Segment Start: STORED DATA

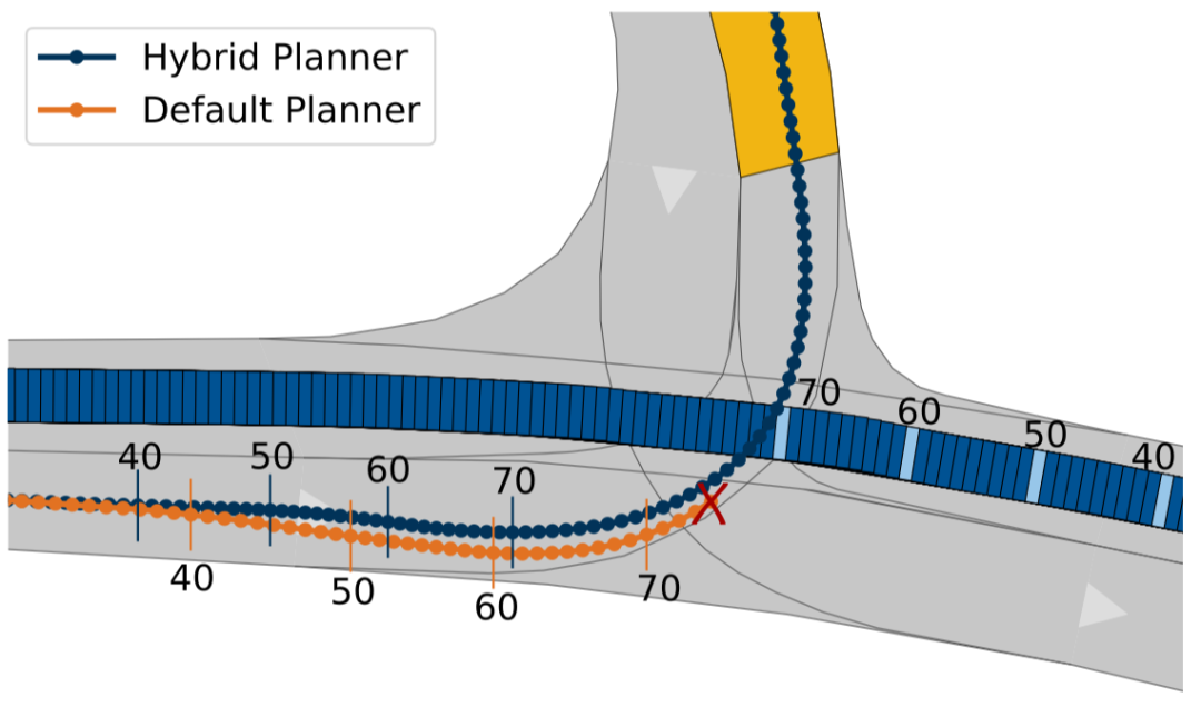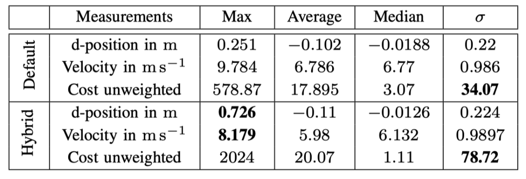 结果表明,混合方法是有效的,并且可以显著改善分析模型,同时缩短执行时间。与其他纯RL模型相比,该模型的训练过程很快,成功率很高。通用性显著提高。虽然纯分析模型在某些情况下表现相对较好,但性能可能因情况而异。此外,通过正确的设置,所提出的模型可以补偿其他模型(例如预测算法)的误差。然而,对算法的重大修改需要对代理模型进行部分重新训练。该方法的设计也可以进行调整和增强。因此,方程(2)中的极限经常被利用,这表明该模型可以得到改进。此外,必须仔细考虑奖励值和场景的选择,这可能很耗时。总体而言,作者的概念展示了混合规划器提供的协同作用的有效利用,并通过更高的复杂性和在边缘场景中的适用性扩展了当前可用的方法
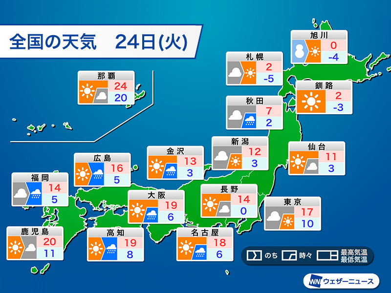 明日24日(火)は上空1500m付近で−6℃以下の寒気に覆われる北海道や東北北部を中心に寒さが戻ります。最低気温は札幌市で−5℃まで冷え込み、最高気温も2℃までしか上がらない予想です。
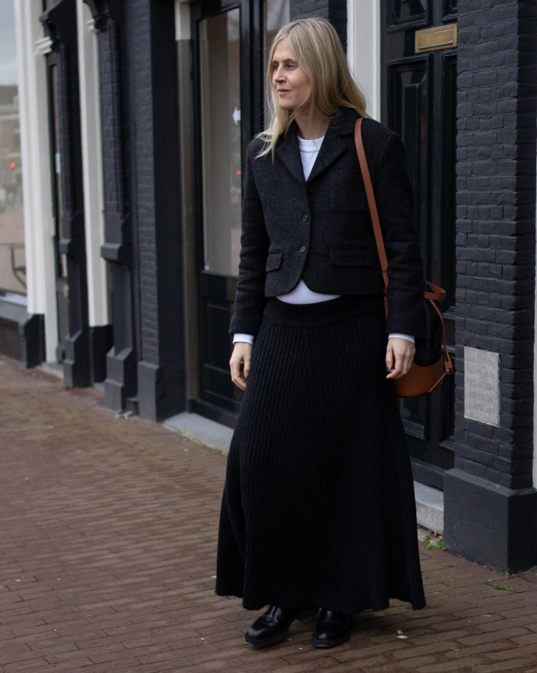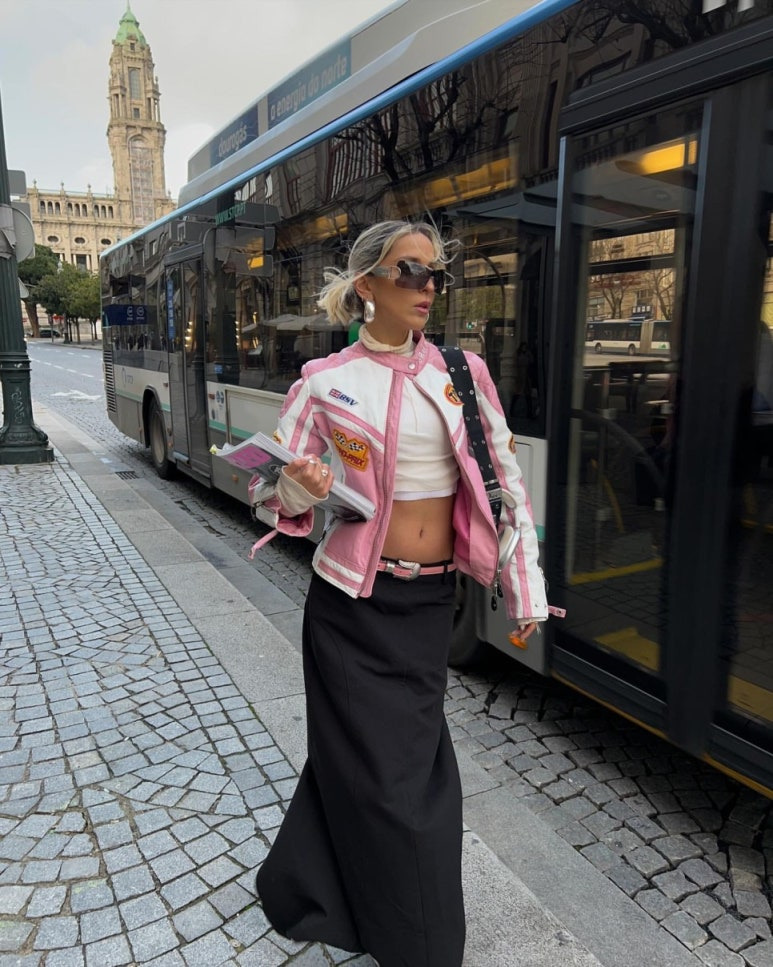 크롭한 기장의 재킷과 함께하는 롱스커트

Segment End: STORED DATA

◆ **YOUR TASK**:
Leave out the pictures, then reproduce exactly the run of lines from the one that contains "明日24日(火)は上空150" to the final line of the listing above.

◆ **TASK SOLUTION**:
 明日24日(火)は上空1500m付近で−6℃以下の寒気に覆われる北海道や東北北部を中心に寒さが戻ります。最低気温は札幌市で−5℃まで冷え込み、最高気温も2℃までしか上がらない予想です。
 크롭한 기장의 재킷과 함께하는 롱스커트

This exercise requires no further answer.